Fruity Manhood, Part One (and other Biblical principles you should live by)
Granted, it's a long title. But after our short, but passionate discussion last week, I'm having a hard time boiling it down into soundbytes.
What does a godly man look like? How does Godliness manifest itself in a maturing, Christ-seeking believer of the male persuasion? Here are some recent mullings...
1. Godly Men are Fruity...in the Galatians 5 sense, not in the Brokeback sense. Jimmie mentioned that the Fruit of the Spirit (singular FRUIT) has to be at the top of the chain. After chewing on it a few days, I have to agree that he's right. After all, it's the mark of any mature believer.
2. Godly Men are Imitators...in the context of Ephesians 5, we are to be imitators of Christ. It's our agenda. Our plan. Our role. How often do we look like Christ? Who do you look like?
3. Godly Men are Serial Killers. It is our job/role/responsibility to KILL our old nature.
Part Two coming in the next couple of days...
11 Comments:
Obviously I agree that 1 and 2 lie at the heart of it. But simply stated as though they can be, it does beg the question -- how? (Which takes us back to your starting point, but with a little different perspective.)
You've seen enough of my thoughts on that subject to fill a smallish book. Certainly more than can fit here. But it needs to be more than an ideal or some abstract goal. Spiritual formation does not, at least in my experience, just magically happen. It requires a definite effort and discipline to change our habits and ways. Maybe that's just been clearer to me along my journey because I was never inculturated in the Christian church, so have been more aware of the gap. I don't know. But this is the piece we do not really offer today.
And the third, of course, is true. However, there is a danger involved with it. It is my observation that when we focus our attention too intently on that which we desire to change, the opposite occurs. Rather than move away from it, we become consumed by it. And it strikes me that as we increasingly focus on true spiritual formation, the others will begin to die off. Focus less on the negative -- on sin and death -- and focus more on the positive trait we are attempting to acquire. That space will be filled with something after all. We won't achieve a vacuous existence free of any individual nature. And growing a quality that is the antithesis of one in our old nature will crowd out the quality we do not desire.

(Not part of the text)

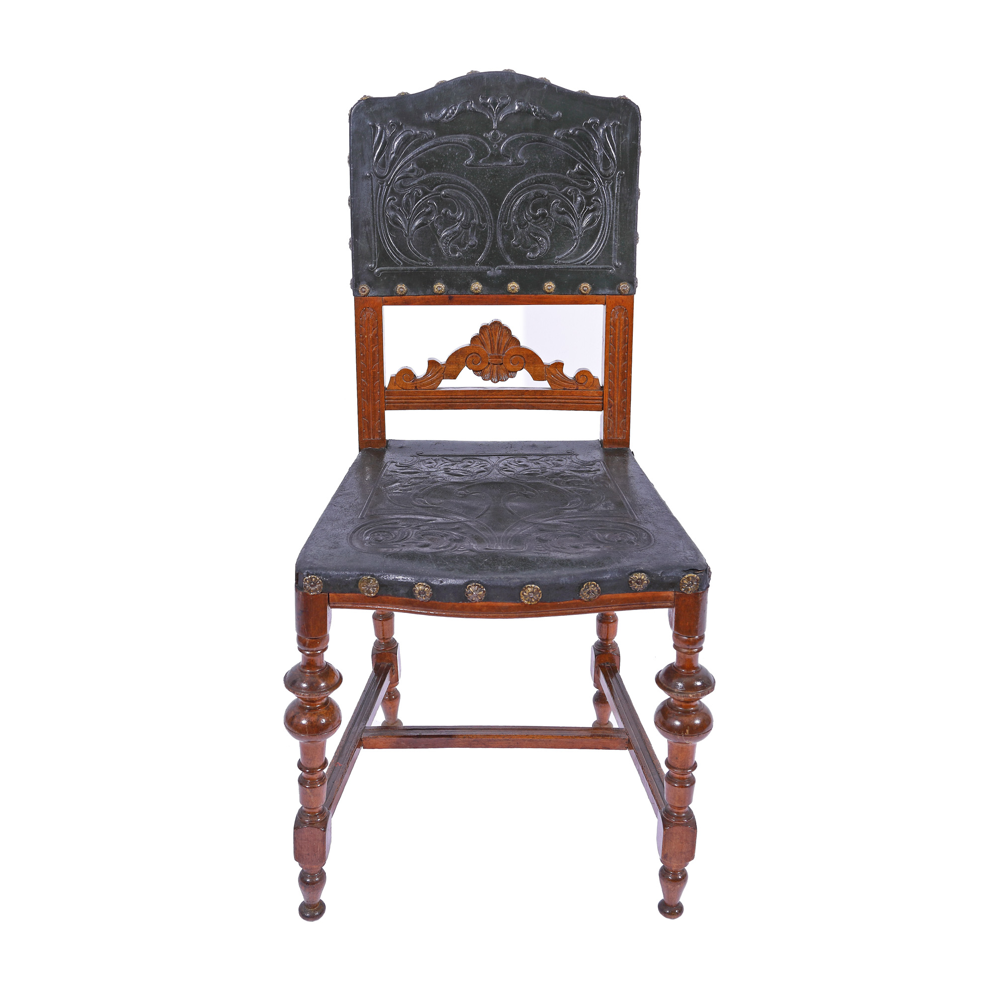 22. Pereche de scaune Art Nouveau, cu influențe Gründerzeit, decorată cu iriși stilizați, cca. 1890-1900, provine din colecția Moise Weinberg

It's the same sense I have that it is unhealthy and dangerous to focus on sin too intently in efforts to "fight" it. Our focus should be on our Lord, not sin.
Tom already knows this about me, but I don't see a conflict or an either/or at all in that question. The answer, as close as we can approximate it, is simply yes. God is all-powerful and all-knowing. And for reasons known only to him (but I sense a desire to be loved in return), he formed a creation capable of choosing something other than God. Not just man. I sense that the entire creation had to be formed in such a way, with some deep uncertainty, that a human who could choose God or not choose God could exist at all. So I see this woven deep into the fabric of creation. And thus the reason our Fall so deeply impacted all of creation, perhaps even back to the dawn of time in some non-causal or at least non-linear way.
I also find this perspective more compatible with Christian history than the more deterministic extremes. It strikes me that only a culture capable of producing a Laplace in the sciences could have produced a corresponding theology.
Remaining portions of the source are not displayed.